Minister of State for Budget and Economic Planning
- Incumbent
- Assumed office 3 March 2026
- President: Bola Tinubu

Minister of State for Finance
- In office 2 November 2024 – 3 March 2026
- President: Bola Tinubu
- Succeeded by: Taiwo Oyedele

Minister of Industry, Trade and Investment
- In office 21 August 2023 – 23 October 2024
- President: Bola Tinubu
- Preceded by: Niyi Adebayo
- Succeeded by: Jumoke Oduwole

Personal details
- Born: Doris Nkiruka Uzoka 16 October 1973 (age 52) Oguta, Imo State, Nigeria
- Party: All Progressives Congress
- Education: University of Benin
- Occupation: Politician; banker; medical doctor;

= Doris Uzoka-Anite =

Nigerian politician and doctor (born 1981)
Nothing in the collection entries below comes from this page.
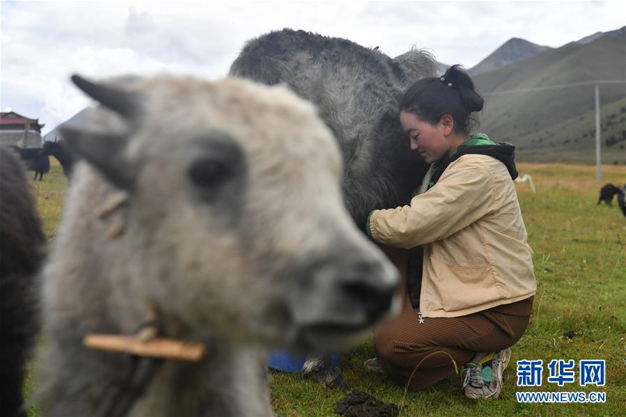 9月8日,在四川省康定市呷巴鄉(xiāng)俄達門巴村附近,一名藏族姑娘給牦牛擠奶。新華社記者孫瑞博攝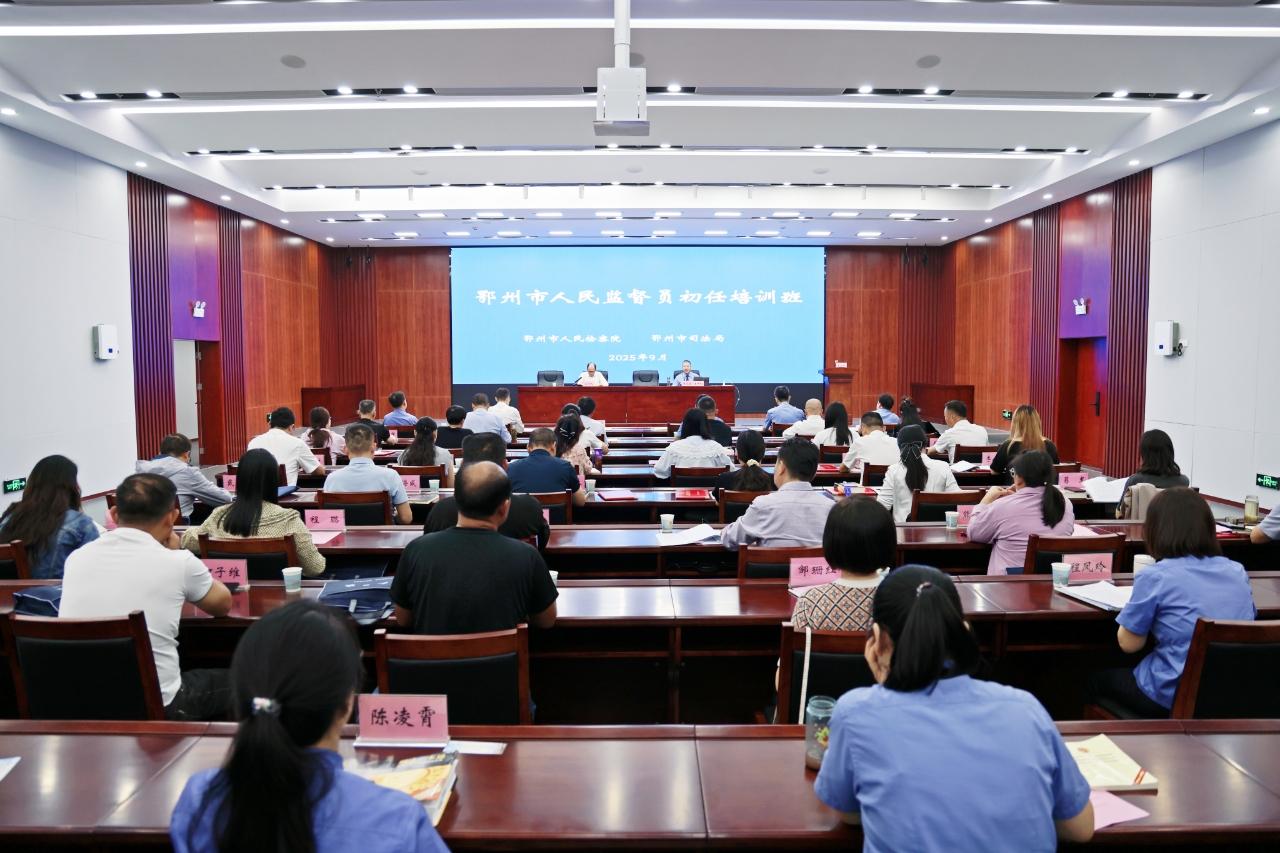 9月23日,鄂州市检察院联合鄂州市司法局举办2025至2030年度市级人民监督员颁证仪式暨初任培训班,市司法局副局长杨方主持,市检察院副检察长汪元金作专题授课。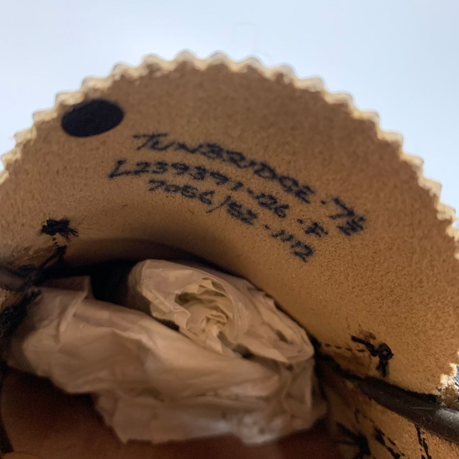 履き皺や小傷(画像参照)が見られます。履きジワ弱、内側にシミが見られます。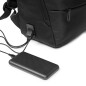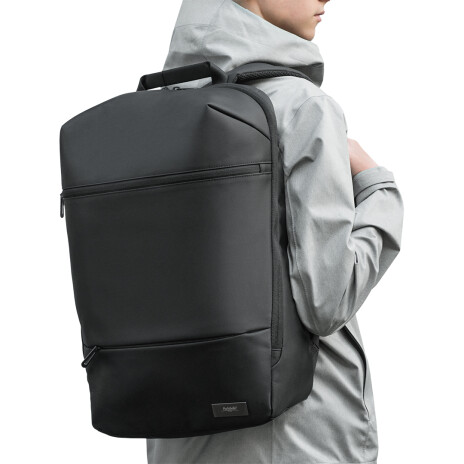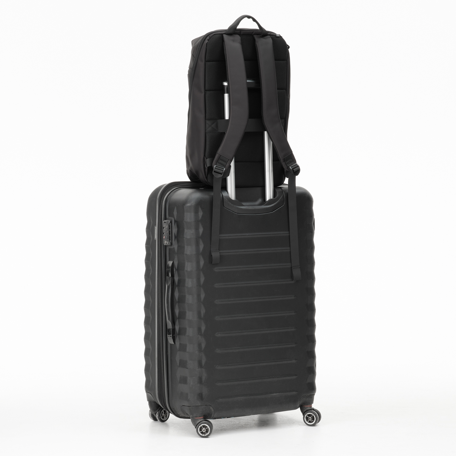 На спинке имеется багажная лента для закрепления рюкзака на ручке дорожной сумки. Сбоку разместился внешний порт USB с защитной крышкой для быстрой подзарядки гаджетов прямо на ходу. С лицевой стороны два кармана на молнии, один из которых выглядит как потайной.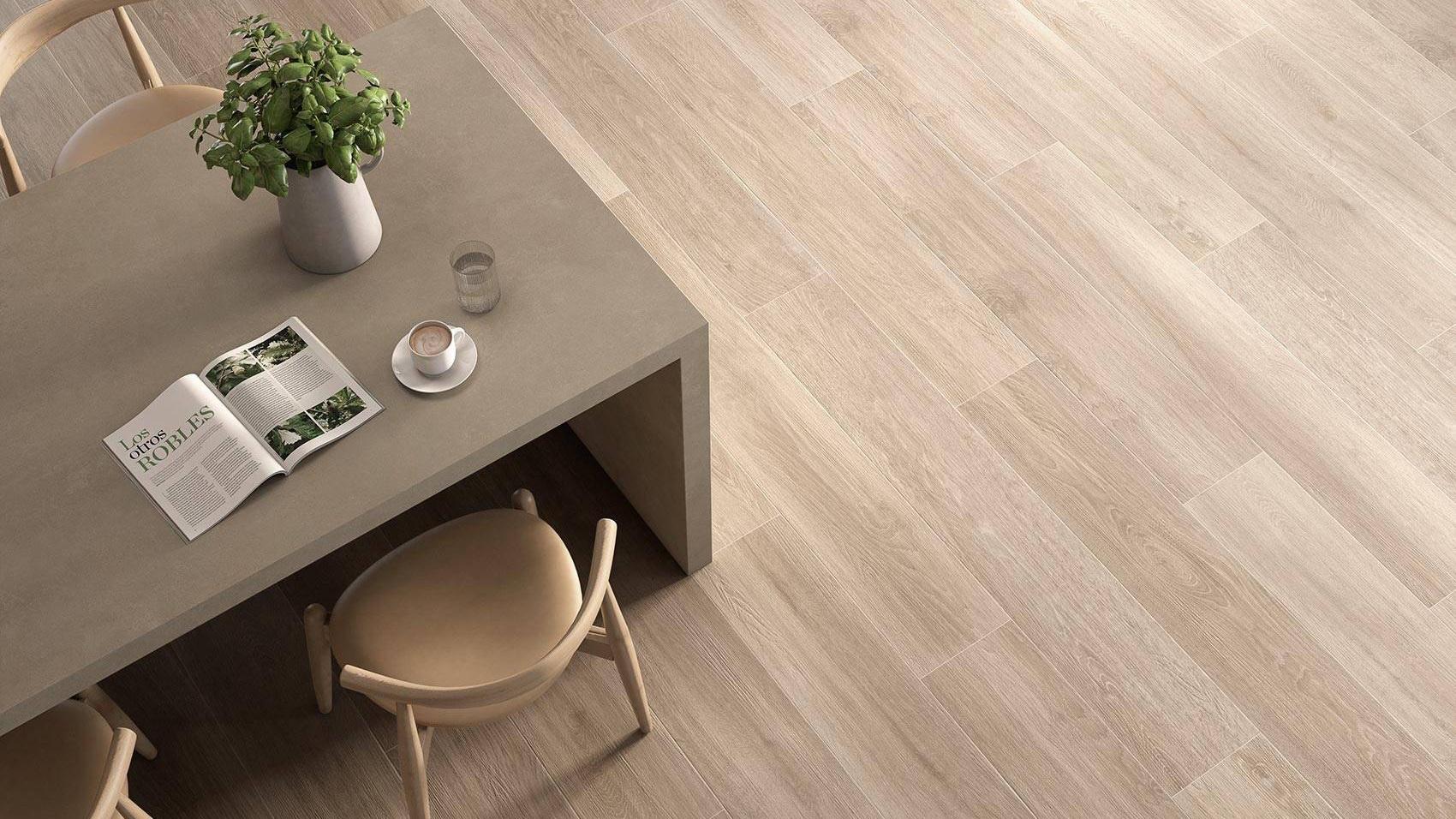 Цвет: бежевый — универсальный цвет, который подойдёт для любого интерьера. Плитка имитирует текстуру дерева, что придаст вашему полу натуральный и уютный вид.
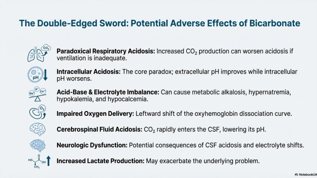 在治療策略的討論中,對 sodium bicarbonate 的使用上要考慮可能的危害,酸中毒狀態下氫離子本身無法通過 BBB,但若是補充 bicarbonate 會產生過多 CO₂,而 CO₂ 可自由通過 BBB,反而可能導致 paradoxical CNS acidosis 與神經功能損傷。這一點顛覆了我過去直覺認為「酸中毒補鹼應該能改善狀況」的想法,也讓我在未來面對重度酸中毒時,會更謹慎評估給藥時機與劑量。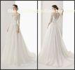 Half Lace Sleeve Bateau Chiffon Womens Wedding Dresses With Hand Made Flower Sash Feather Sweep Train Bridal Gowns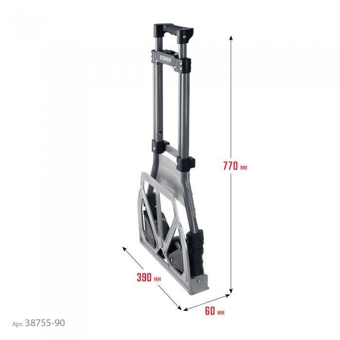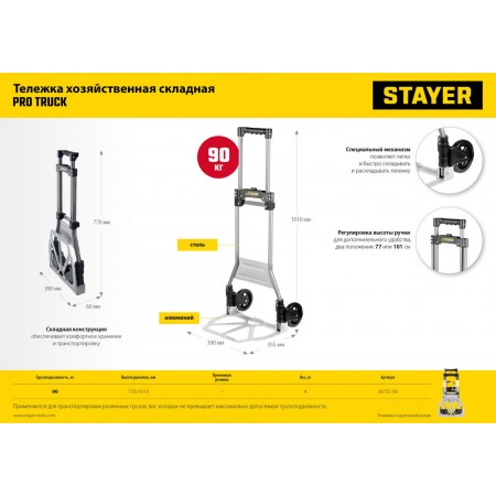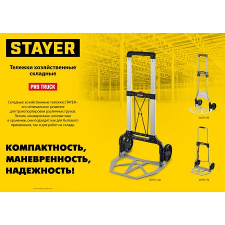 Тележка складная хозяйственная до 90кг каркас из стали платформа из алюминия 39х28см колеса d13см вес 4кг PROTruck STAYER 38755-90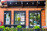 Outdoor mock up of store and shop front template - front view vintage black grey shop tone with blurred windows display, vintage lamp green bush plant and orange brick wall.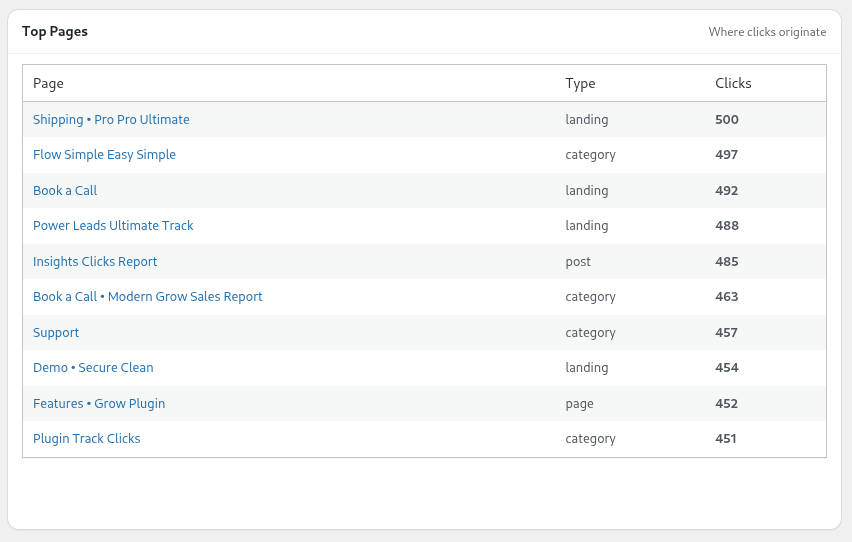 - Added Top Sources, Mediums, Campaigns, Pages and Clicked URLs charts.

Doris Nkiruka Uzoka-Anite (born 16 October 1973) is a Nigerian politician, medical doctor and financial analyst. She served as Minister of Industry, Trade and Investment of Nigeria between August 2023 and October 2024. She is the Nigerian Minister of State for Finance, a position she assumed in November 2, 2024.

== Early life and education ==
Doris Nkiruka Uzoka was born on 16 October 1973 in Orsu-Obodo, Oru Clan, Oguta, Imo State, Nigeria. She had her education in the medical field at the University of Benin and became a qualified medical doctor in 1999. Subsequently, she earned the Chartered Financial Analyst (CFA) certification.

== Career ==
Uzoka-Anite started her career in banking at the Zenith Bank Corporate Social Responsibility (CSR) unit then headed the Human Resources and Training department. In 2011, she changed to Treasury, and was later named the bank's treasurer in 2017.

=== Government career ===
In March 2021, she was appointed Commissioner for Finance and Co-ordinator of the Economy in Imo State by Governor Hope Uzodinma. Following his victory in the 2023 presidential election, she was one of 28 ministerial nominees nominated by President Bola Tinubu sent to the Senate for screening.

She was formally inaugurated on Monday, 21 August 2023 as Minister for Industry, Trade and Investment of the by President Tinubu.

== Personal life ==
Her mother, Victoria Uzoka, died in July 2024.